River Plate had earned to play the final after winning the 1914 Copa de Competencia Jockey Club (which was also its first official title in the top division of Argentine football) after beating Newell's Old Boys 4–0 in the final played at Estadio Racing Club in Avellaneda.

On the other side, Club Nacional de Football had won the Uruguayan Copa de Competencia that allowed them to play the
final v River Plate. Nevertheless, the club alleged some difficults to attend the competition so the AUF decided to invite Bristol Football Club to represent Uruguay in the final.

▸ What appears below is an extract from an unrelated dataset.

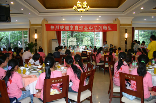 “祝你们一路顺风!在新的学校学习、生活愉快!”校长陈春阳在6月26日晚5点开始的送别晚宴上,对来自地震重灾区理县的117名理县中学学生说到。这群孩子和他们的老师将前往江苏海门的东洲中学开始两年的学习生活。 6月26日中午,来自理县的小客人们来到了九里校区,在瓜子影视 的老师以及一些志愿者同学的带领下,参观了交大美丽的校园。而在短暂的晚宴过后,他们就将登上东去的火车,经38小时的旅途到达上海,再转往江苏,为此,学校准备了一袋食品给小朋友们。陈春阳校长还将学校特意准备的电子辞典交给了学生代表,鼓励他们好好学习,小女孩接过这份礼物,感激地鞠了一躬,说:“谢谢各位叔叔阿姨!” 四川省教育厅李书记、理县教育局何局长、以及江苏海门东洲中学校长,都对我校的细心接待表示了感谢。

Bristol added some international players for the final, they were, Martín Aphesteguy, Jorge Pacheco and Pedro Zuazú, all of them called up for Uruguay in several occasions. On the other side, River Plate had had some of its players called up for Argentina, including goalkeeper Carlos Isola that had played some friendlies vs English side Exeter City.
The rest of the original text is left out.